Digital Human Model

Validation of the digital human model RAMSIS in relation to hand-reach capability
Master’s thesis in collaboration with Volkswagen AG


This work describes the validation of hand-reach capability predicted by the DHM (Digital Human Model) RAMSIS. The purpose is to provide users of the software with well-founded information on how to interpret data delivered by the DHM.

Ultimately, the aim is to avoid discomfort perceived by users of future cars due to control elements positioned out of their reach. Therefore, a step-by-step approach was chosen, which is subdivided into three user trials increasing in complexity.

The first experiment focuses on the arm-/shoulder region and compares the maximum reach taken in a 3D body scanner to individually created manikins based on subjects’ body dimensions while neglecting RAMSIS’s statistical posture calculation.

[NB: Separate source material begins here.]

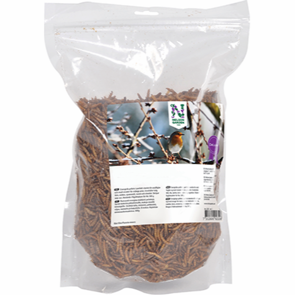 Melorm, eller tørkede larver av melormbille, inneholder mye protein og er en nyttig delikatesse for hagens fugler. Strø ut en håndfull eller bland med annen fuglemat. 300 g

The second experiment shows that tall men are the most critical user group in regards to hand-reach. This is proven by data collected with the help of a 3D optical motion tracking system and defines the scope of the main investigation.

The third experiment takes the results of the previous user trials into consideration and places the test subjects in two production cars, Volkswagen Golf 7 and Golf Sportsvan. The test subjects’ driving posture inside the car and RAMSIS’s posture calculation applied to the manikins, allows a direct comparison of hand-reach capability seen in the prediction and reality.

As a final result, the findings are visualised and described by giving recommendations on how to interpret the data provided by the software.